## [YOUR OBJECTIVE]
Your answer must be a word-for-word copy of the listing below, minus its pictures.

## [INFORMATION SHOWN]
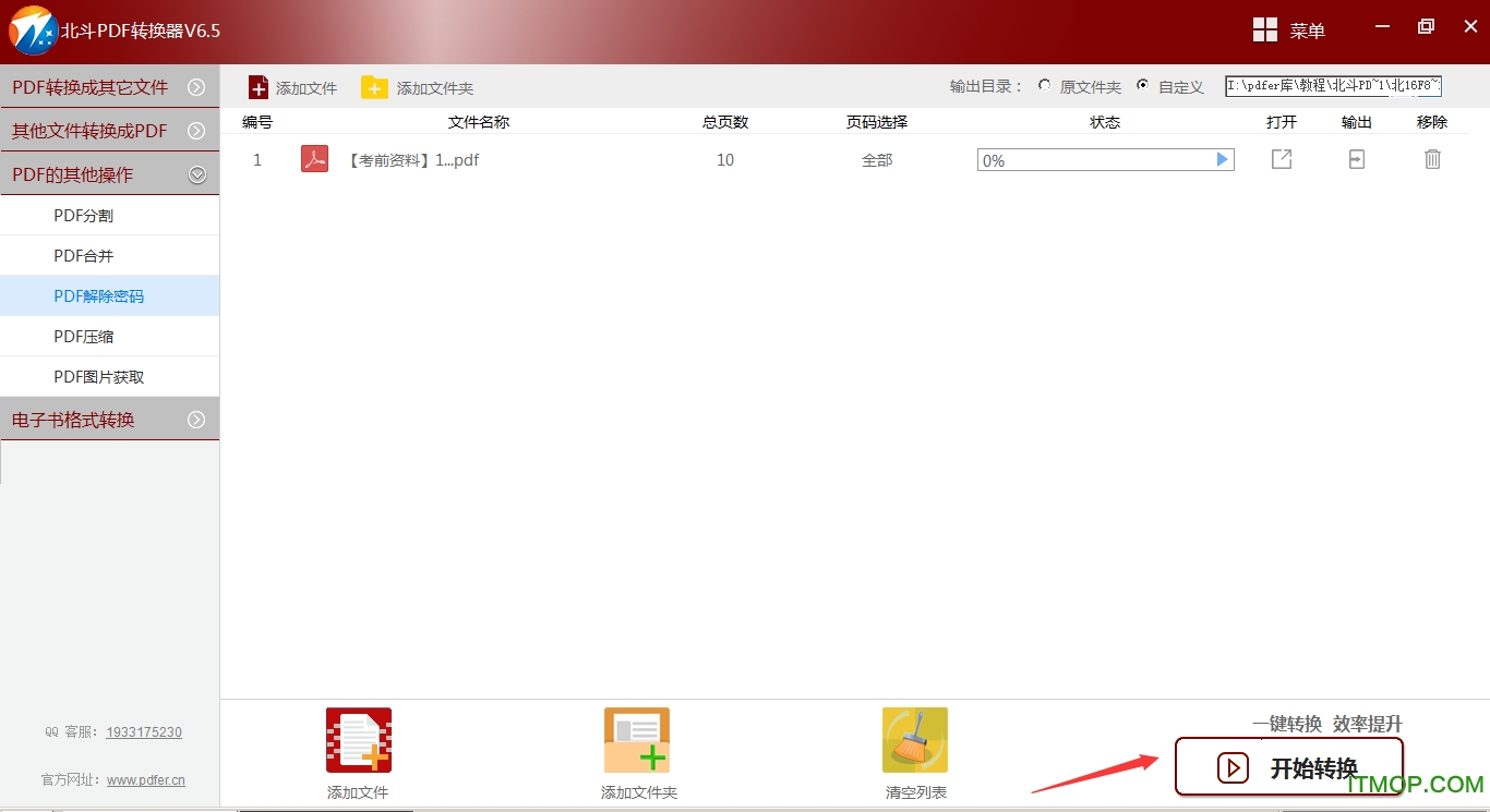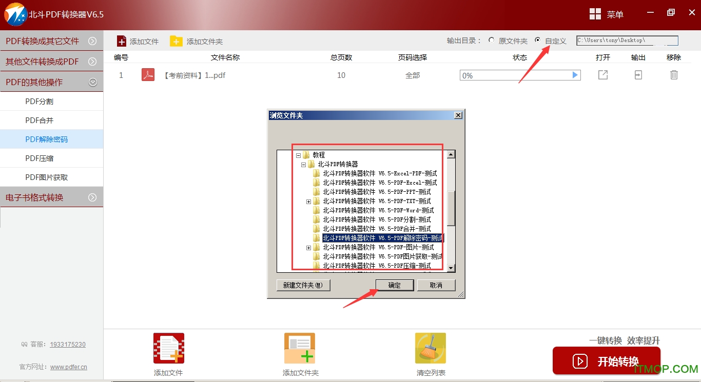 3.在北斗PDF转换器中,点击【输出目录】的【自定义】,选择解除密码的PDF文件存放位置,点击【确认】即可。
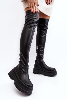 Жіночі чорні чоботи вище коліна на платформі та каблуці Manaliis
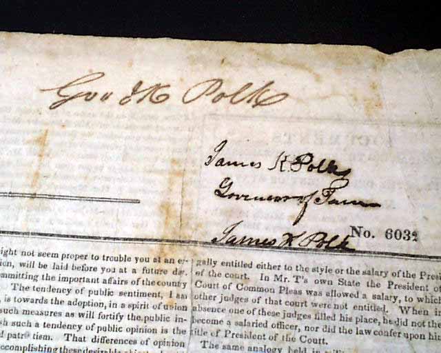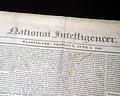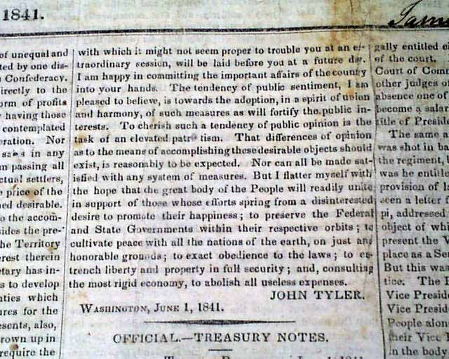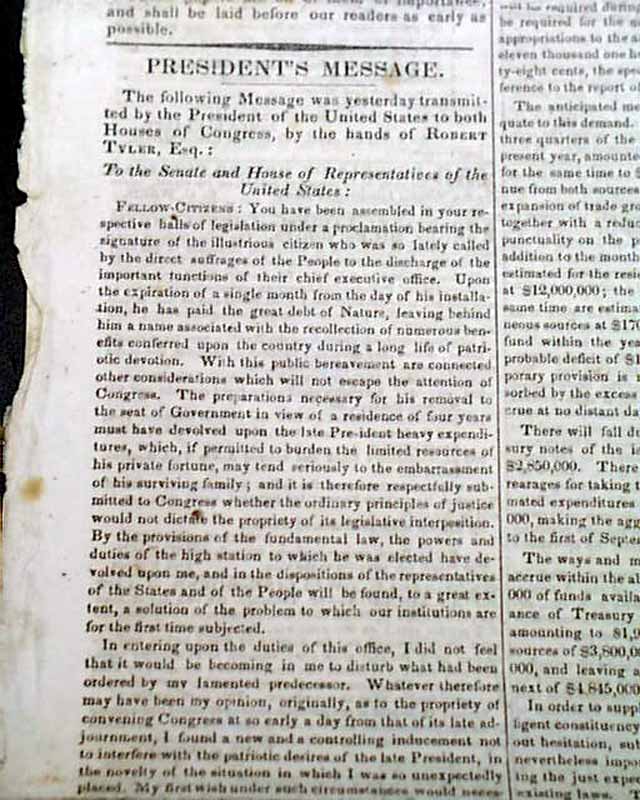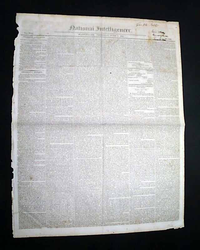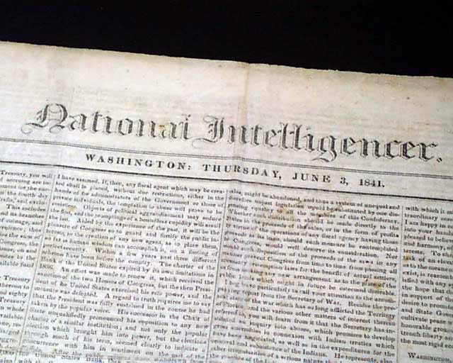 NATIONAL INTELLIGENCER, Washington, D.C., June 3, 1841 Two items of interest, as over half of the front page is taken up with the: "President's Message" to both houses of Congress, signed in type: James Tyler. Plus, this issue was subscribed to by James K Polk, as his name is penned at the upper right: "Gov. J K Polk" and then again beneath it is "James K. Polk Governor of Tenn. James K Polk". He was governor of Tennessee from 1839-1841.

## [WRITTEN REPLY]
 3.在北斗PDF转换器中,点击【输出目录】的【自定义】,选择解除密码的PDF文件存放位置,点击【确认】即可。
 Жіночі чорні чоботи вище коліна на платформі та каблуці Manaliis
 NATIONAL INTELLIGENCER, Washington, D.C., June 3, 1841 Two items of interest, as over half of the front page is taken up with the: "President's Message" to both houses of Congress, signed in type: James Tyler. Plus, this issue was subscribed to by James K Polk, as his name is penned at the upper right: "Gov. J K Polk" and then again beneath it is "James K. Polk Governor of Tenn. James K Polk". He was governor of Tennessee from 1839-1841.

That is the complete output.